⟨

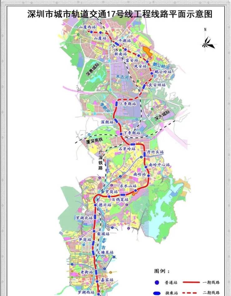 深圳地铁17号线全长约28.7公里,共设站25座,线路起于罗湖西站,终于山厦西站。其中,一期工程(罗湖西站-上李朗站)已于2023年10月10日开工建设,预计将于2028年建成通车。
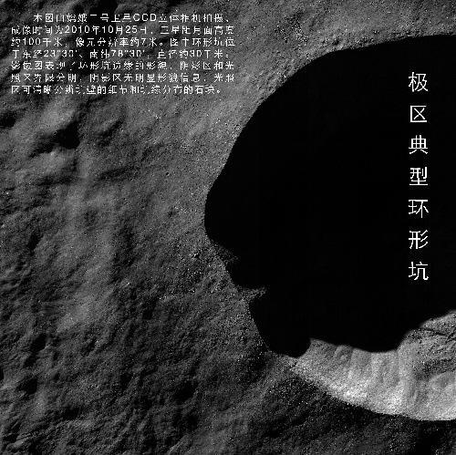 北京,2010年11月8日 國(guó)家國(guó)防科技工業(yè)局首次發(fā)布嫦娥二號(hào)月面虹灣局部影像圖 這是極區(qū)典型環(huán)形坑(成像時(shí)間為10月25日)。
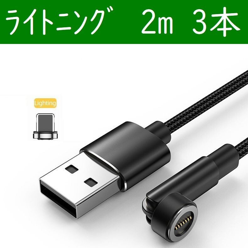 ライトニング2m黒色3本曲るマグネット磁石式USB充電通信ケーブル iPhone
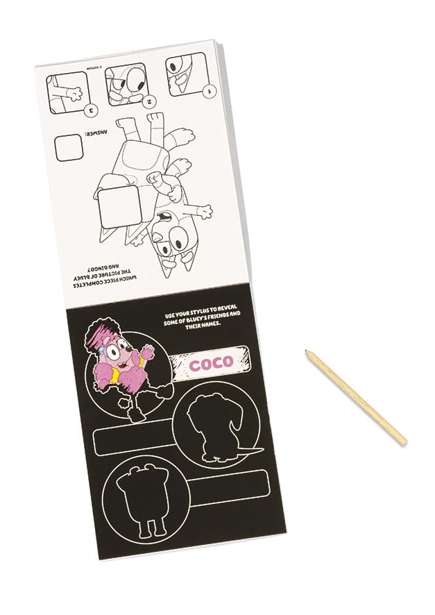 Ce urmeaza sa apara? Cu acest carnetel cu activitati creative te vei distra super bine! Pe masura ce razuiesti paginile apar imagini amuzante cu Bluey, Bingo, parintii si prietenii lui. Te asteapta 12 pagini de razuit, fiecare cu un joculet distractiv, o ghicitoare sau o pagina de colorat pe spate.
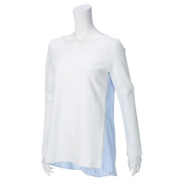 前身頃と袖に綿混のカットソー生地を使用し、後ろ身頃を綿100%のストライプ柄の生地で切り替えた、かわいらしい印象のアイテム。
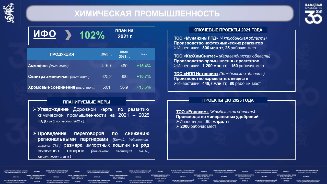 «Мы планируем увеличить объемы производства фосфорных удобрений на 16%, аммофоса на 15%, селитры аммиачной на 10%, хромовых соединений на 13%», — проинформировал Б. Атамкулов.
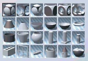 Вышесказанное означает, что с примитивами, образно говоря, можно выполнять математические операции: «складывать» их друг с другом, «вычитать» один из другого, определять область, одновременно принадлежащую двум объектам. Например, чтобы в кубе образовалась округлая выемка, следует вычесть из его объема объем вложенной в него части сферы. Таким способом моделируются достаточно сложные объекты, как правило, искусственного происхождения. Органические образования с помощью данной методики создавать сложнее, но все же возможно. На рис. 4 представлены типы объектов, полученных с помощью булевых операций.
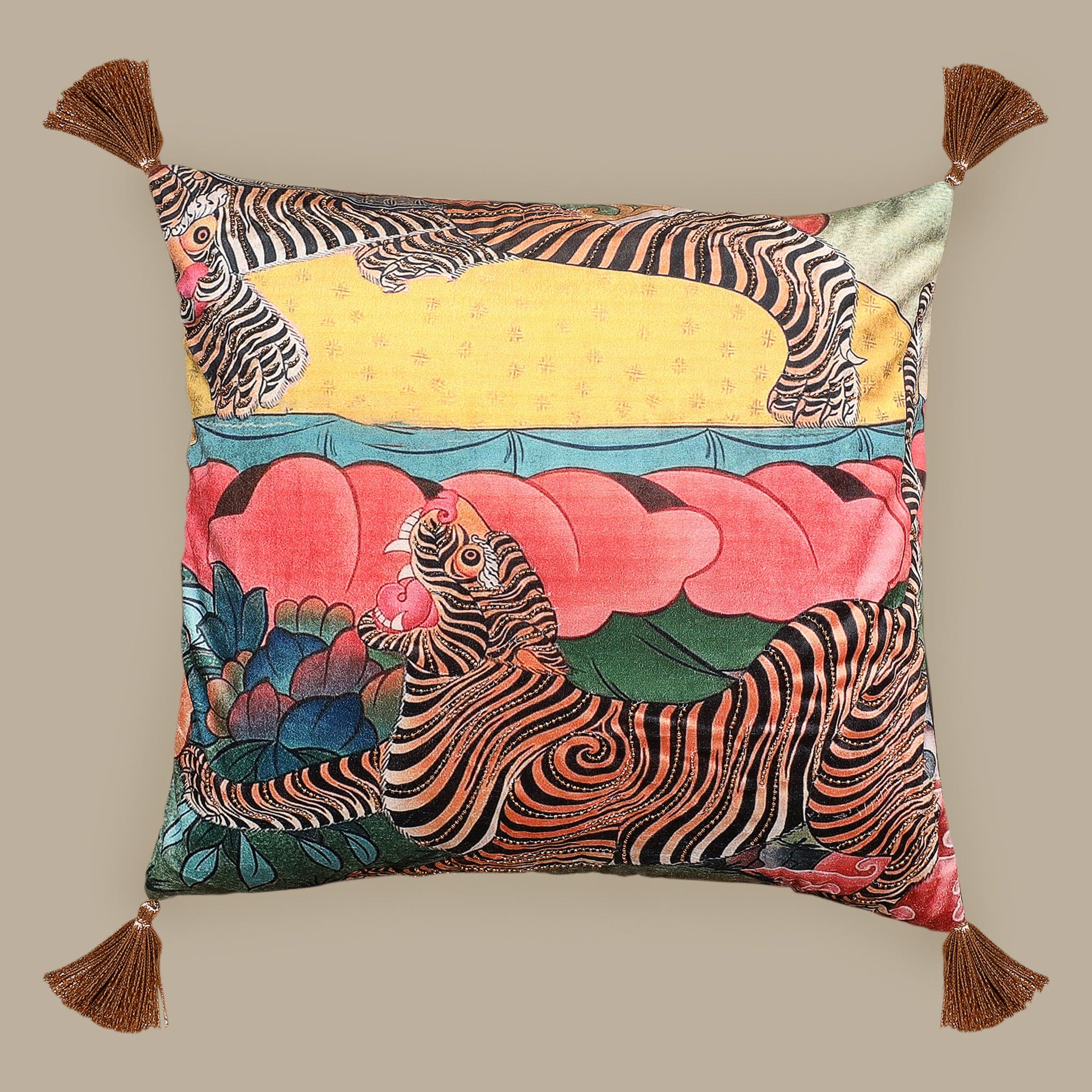 Material: Digital Print With Bead Emb Work And Gold Tassel All Corner.
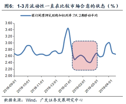 从银行质押式回购利率7天的走势来看,年初至3月中旬一直在偏低位,比较符合流动性“合理充裕”的状态。
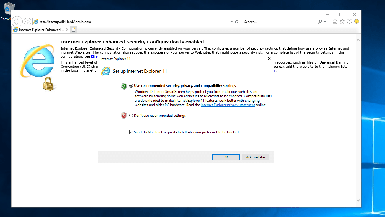 Connect to the remote server. Open Internet Explorer, select the recommended settings, and click OK.

⟩

**WHAT YOU WILL DO**
Without the pictures, give all the records above again exactly.

**ANSWER**
 深圳地铁17号线全长约28.7公里,共设站25座,线路起于罗湖西站,终于山厦西站。其中,一期工程(罗湖西站-上李朗站)已于2023年10月10日开工建设,预计将于2028年建成通车。
 北京,2010年11月8日 國(guó)家國(guó)防科技工業(yè)局首次發(fā)布嫦娥二號(hào)月面虹灣局部影像圖 這是極區(qū)典型環(huán)形坑(成像時(shí)間為10月25日)。
 ライトニング2m黒色3本曲るマグネット磁石式USB充電通信ケーブル iPhone
 Ce urmeaza sa apara? Cu acest carnetel cu activitati creative te vei distra super bine! Pe masura ce razuiesti paginile apar imagini amuzante cu Bluey, Bingo, parintii si prietenii lui. Te asteapta 12 pagini de razuit, fiecare cu un joculet distractiv, o ghicitoare sau o pagina de colorat pe spate.
 前身頃と袖に綿混のカットソー生地を使用し、後ろ身頃を綿100%のストライプ柄の生地で切り替えた、かわいらしい印象のアイテム。
 «Мы планируем увеличить объемы производства фосфорных удобрений на 16%, аммофоса на 15%, селитры аммиачной на 10%, хромовых соединений на 13%», — проинформировал Б. Атамкулов.
 Вышесказанное означает, что с примитивами, образно говоря, можно выполнять математические операции: «складывать» их друг с другом, «вычитать» один из другого, определять область, одновременно принадлежащую двум объектам. Например, чтобы в кубе образовалась округлая выемка, следует вычесть из его объема объем вложенной в него части сферы. Таким способом моделируются достаточно сложные объекты, как правило, искусственного происхождения. Органические образования с помощью данной методики создавать сложнее, но все же возможно. На рис. 4 представлены типы объектов, полученных с помощью булевых операций.
 Material: Digital Print With Bead Emb Work And Gold Tassel All Corner.
 从银行质押式回购利率7天的走势来看,年初至3月中旬一直在偏低位,比较符合流动性“合理充裕”的状态。
 Connect to the remote server. Open Internet Explorer, select the recommended settings, and click OK.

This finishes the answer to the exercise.